Abstract

MoO3 has large electronic and mechanical anisotropy arising from diverse chemical bonding in its layered structure. Here, we report high-pressure structural and electronic transitions in MoO3 to 100 GPa, using confocal micro-Raman spectroscopy, synchrotron X-ray diffraction, and electric conductivity measurements at both ambient and low temperatures. The results indicate that MoO3-I (Pnma) undergoes a series of structural phase transitions, initially to MoO3-II (P21/m) at 11 GPa and then to MoO3-III (Pmma) at 60 GPa.

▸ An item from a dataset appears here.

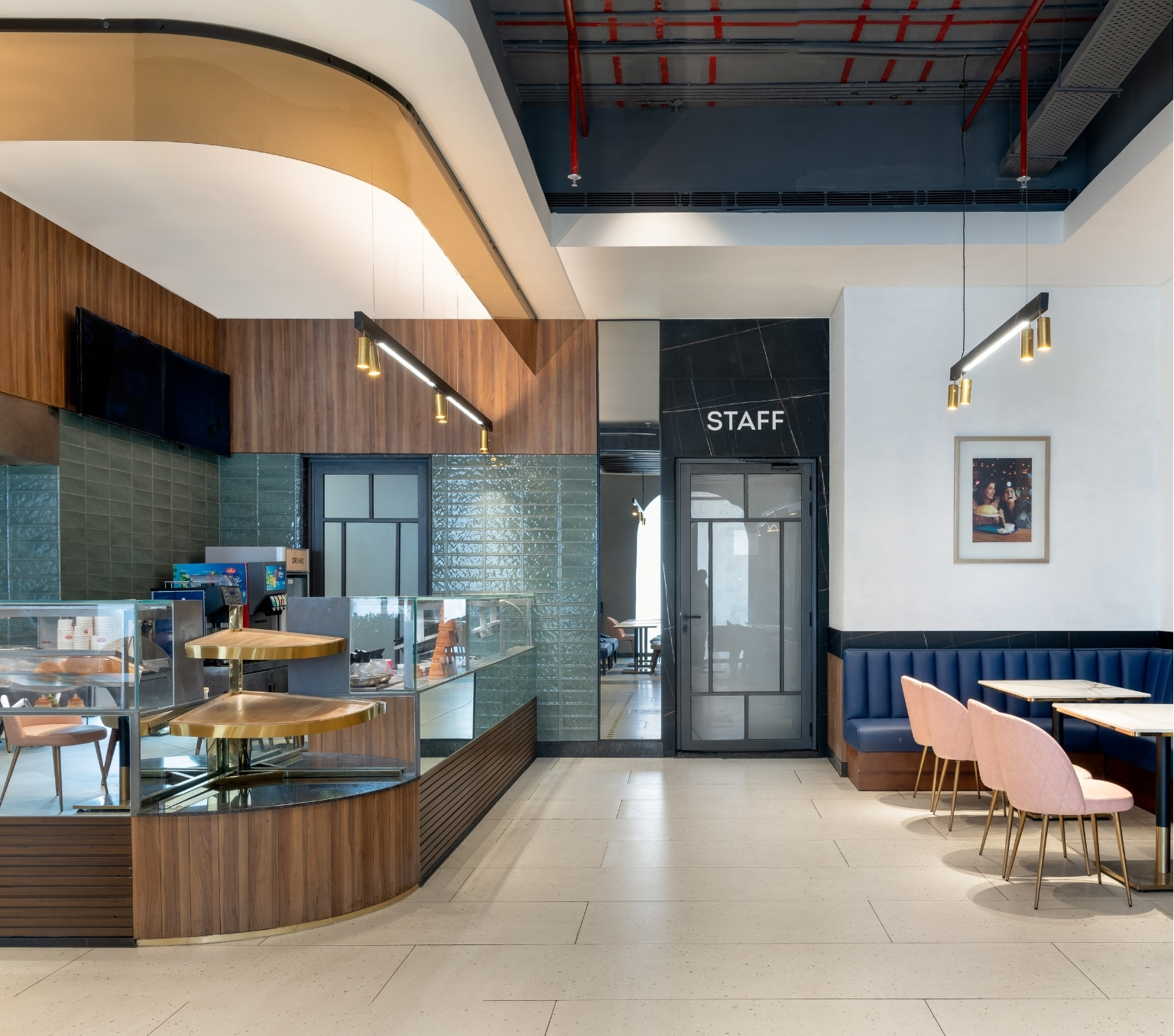 The site at hand was a former Mercedes showroom and inherently blessed the bare shell with a capacious floorplate and appreciable internal heights. The layout has been envisioned as three core zones that have been pragmatically designed while balancing function and aesthetics. Over 50% of the floorplan hosts the kitchen, service areas, and display counters with the brand’s products.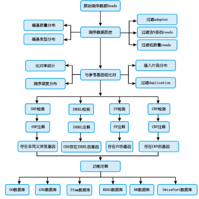 全基因組重測序(whole genome sequencing,WGS)對全基因組進行測序掃描,能在全基因組范圍之內(nèi)解讀所有常見和稀有變異信息,全面檢測單核苷酸多態(tài)位點(Single Nucleotide Polymorphisms, SNP)、插入缺失位點(Insertion Deletion, InDel)、結(jié)構(gòu)變異(Structure Variation,SV)以及拷貝數(shù)變異(Copy Number Variation, CNV)。

The former transition occurs displacively within nearly a same lattice of aI = 2 cII, bI = bII, and cI = aII, whereas the latter transition occurs reconstructively with ∼3–5% volume collapse at the transition. Interestingly, MoO3-II is absent in hydrostatic helium pressure medium, underscoring the presence of helium resisting shear deformation of this layered structure. MoO3-I directly transforms to MoO3-III at ∼26 GPa. These structural phase transitions also accompany a strong modification of electronic structure from insulating MoO3-I to poor metallic MoO3-III. The refined crystal structure of MoO3-III indicates that Mo atoms occupy two different sites at the centers of octahedra and slightly distorted square planar resulting in the O 2p–Mo 4d hybridization. This unique arrangement of Mo atoms in MoO3-III gives rise to an interesting resistive anomaly with a T–1/4 dependence of log(ρ) between 256 and 67 K, showing a variable range hopping mechanism of a Mott insulator.